Some Java arguments would never be passed directly to linkToNative or its enclosing raw native method handle. For example, the Java type java.lang.String is meaningless to C code. In general, Java references cannot be safely passed to C code, since C code does not know how to make the necessary handshakes with the JVM’s garbage collection framework. So it is unlikely that makeNativeEntryPoint would be handed method type signatures that include arbitrary Java types.
For the sake of JNI, there could be a convention that occurrences of the type Object would be transformed into jobject handles. These values are useless to most C code, but would be significant to old-style JNI code.
Does to make sense to translate between Java Strings and the C type char*? Probably not, since there is not a clear 1-1 mapping between the two types. This is the sort of mismatch that requires a certain amount of human intervention, and so it belongs in the wrapped version of a C function, not its raw version.
The translation of Java primitive types is straightforward, with the proviso that the corresponding C types might not have the same names.
C pointer types have no direct Java analog. They can be represented in a raw interface using long values, at least until Java is ported to 128-bit ISAs. This leads to the first major hitch: If Java passes a long, how does the system know whether to keep all 64 bits, or to pass the suitable number of address bits (perhaps 32)? Getting this right requires giving some low-level guidance to the assembly code for linkToNative. The “options” argument to makeNativeEntryPoint has to carry this information. For simplicity, the options can be a simple coded string, one character per argument that requires special handling.
Other types might require special handling also. In general, any C type that does not correspond directly to a Java type requires two things, first representation as a low-level Java type (probably a primitive), and second some sort of advertisement in the “options” string to distinguish it from its carrier Java type.

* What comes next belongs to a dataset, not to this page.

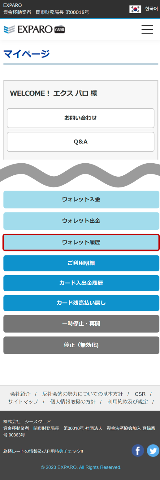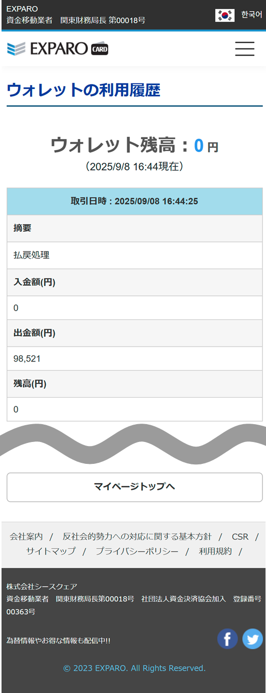 EXPARO資金移動業者 関東財務局長 第00018号

(We could also use special Java classes to represent C types, but this should be done sparingly if at all, to avoid the overhead of boxing and unboxing when Java calls C.)
C can express arguments and return values which are larger than 64 bits. Most system-level ABIs for C transfer such values on the stack “under the hood”, but sometimes they are passed in vector registers. As with libffi, these details are best pushed down into assembly code. But the presence of such values must be advertised, again, in the “options” string (or equivalent means). A Java long might be passed which is the address of a temporary buffer containing the oversized argument or return value. Even better, the Java long should be accompanied by an Object reference, with the usual semantics of an unsafe addressing mode; see Unsafe.getInt for details.

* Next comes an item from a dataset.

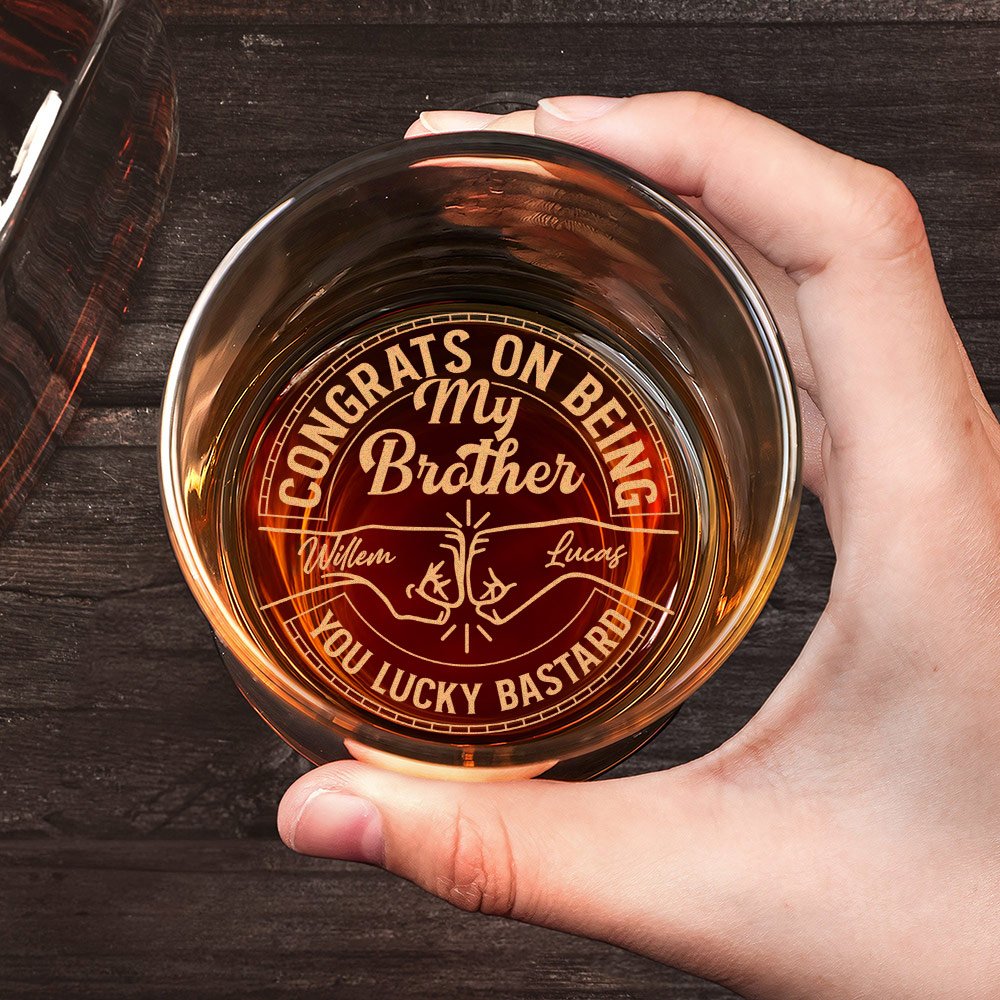 Dit whiskyglas is bedrukt met de woorden "CONGRATS ON BEING". Je kunt de naam en titel onderaan naar wens aanpassen. De tekst "YOU LUCKY BASTARD" onderaan brengt een soort intimiteit en humor over. Het vuistslagpatroon voegt een gevoel van stilzwijgend begrip en vriendschap toe.

A final example of a strange option is peculiar to the interplay of Java with C. Sometimes JNI functions need to process slices of Java arrays, either for input or output. There are “critical section” primitives in JNI which allow the JVM an option to work with internal pointers into arrays. This is very similar to C conventions for internal pointers, and it is worth trying to connect these conventions in the new calling sequences. The “options” string would advertise an internal pointer, and the corresponding Java arguments would contain a pair of values, an Object and a long which would together denote an address either inside an object or at an absolute unmanaged memory address.
There is not yet a prototype of this functionality, although something similar was built in HotSpot around 2005 by John Rose and Ken Russell. It seems likely that we will be experimenting with this soon in Project Panama. Watch this space.